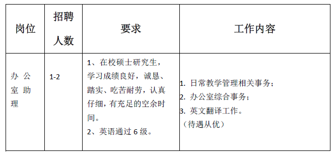 为给员工提供更多的社会实践机会,协助项目办公室做好相关工作,提高办事效率,现面向全校员工招聘办公室助理,具体通知如下:
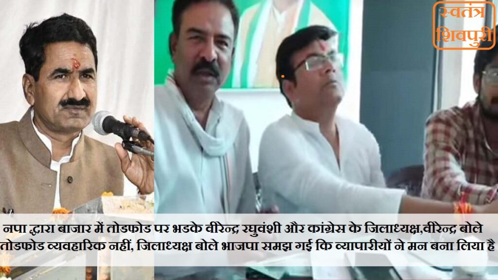 नपा द्धारा बाजार में तोडफोड पर भडके वीरेन्द्र रघुवंशी और कांग्रेस के जिलाध्यक्ष,वीरेन्द्र बोले तोडफोड व्यवहारिक नहीं, जिलाध्यक्ष बोले भाजपा समझ गई कि व्यापारीयों ने मन बना लिया है
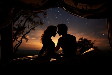 Silhouette of couple in bed at night time with stars. Pleasure sexual intimate area lifestyle. Generate Ai
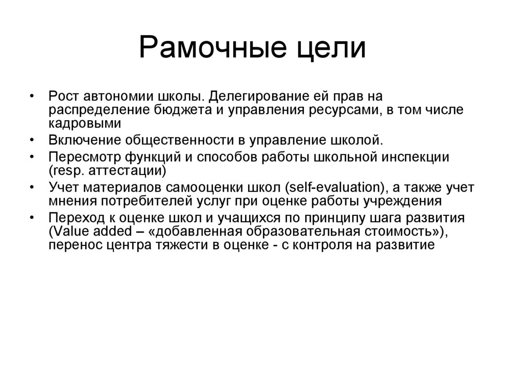 • Определить ответственность школы за конечный

***

PROBLEM DETAILS. Without including any picture, write out the material above exactly.

YOUR RESPONSE.
 为给员工提供更多的社会实践机会,协助项目办公室做好相关工作,提高办事效率,现面向全校员工招聘办公室助理,具体通知如下:
 नपा द्धारा बाजार में तोडफोड पर भडके वीरेन्द्र रघुवंशी और कांग्रेस के जिलाध्यक्ष,वीरेन्द्र बोले तोडफोड व्यवहारिक नहीं, जिलाध्यक्ष बोले भाजपा समझ गई कि व्यापारीयों ने मन बना लिया है
 Silhouette of couple in bed at night time with stars. Pleasure sexual intimate area lifestyle. Generate Ai
 • Определить ответственность школы за конечный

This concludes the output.